This Indemnity Agreement is made this
_____
day of
________
, 20__, by and between LYONDELL CHEMICAL COMPANY , a Delaware corporation ("Lyondell"), and
__________
("Indemnitee").

R E C I T A L S


Section 5.1 of Lyondell's By-Laws provides that Lyondell shall indemnify the Indemnitee with respect to all matters to which Section 145 of the General Corporation Law of the State of Delaware (the "DGCL") may in any way relate, to the fullest extent permitted or allowed by the laws of the State of Delaware, whether or not specifically required, permitted or allowed by Section 145. The By-Laws (Section 5.1(d)) also provide that Lyondell may from time to time enter into indemnity agreements with the persons who are members of its Board of Directors, its elected officers and such other persons as the Board may designate, such indemnity agreements to be approved by a majority of the Board then in office. Section 145(f) of the DGCL also provides that the indemnification authorized by the other subsections of Section 145 shall not be deemed exclusive of any other rights to which those seeking indemnification or advancement of expenses may be entitled under any bylaw, agreement or otherwise, and Lyondell's By-Laws (Section 5.1(b)) likewise provide that the right to indemnification and the payment of expenses conferred by Section 5.1 of the By-Laws shall not be exclusive of any other right which any person may have or thereafter acquire under any agreement or otherwise.

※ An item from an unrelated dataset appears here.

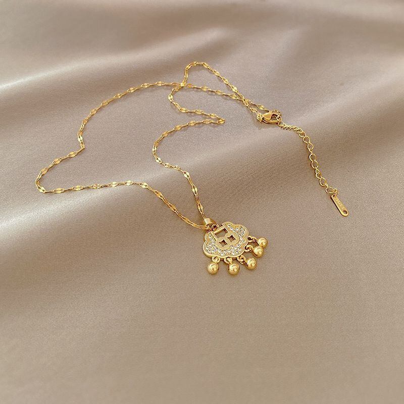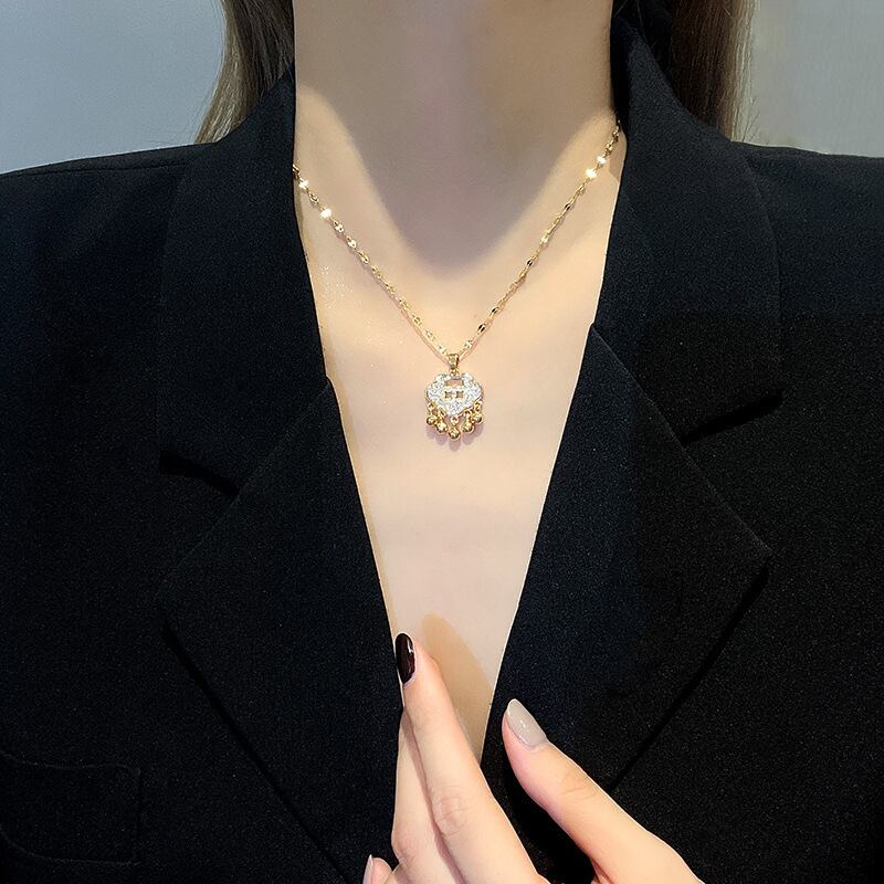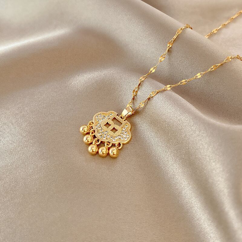 送料無料 MEYRROYUステンレススチールセーフロックネックレス女性トレンディなラウンドビーズジルコンペンダントクラビクルチェーンパーティージュエリーギフト レース アクセサリー AE001113377785663

In exercising its discretion to authorize this Agreement, the Board of Directors has considered the following, among other factors:

(a) It is essential to Lyondell to attract and retain as directors and officers the most capable persons available.

(b) The substantial increase in corporate litigation that may subject directors and officers to litigation costs and risks and the limitations on the availability of directors' and officers' liability insurance have made and will make it increasingly difficult for Lyondell to attract and retain such persons.

(c) When obtainable, insurance policies relating to indemnification are often subject to retentions by the insured, co-insurance requirements, exclusions and other limitations on coverage.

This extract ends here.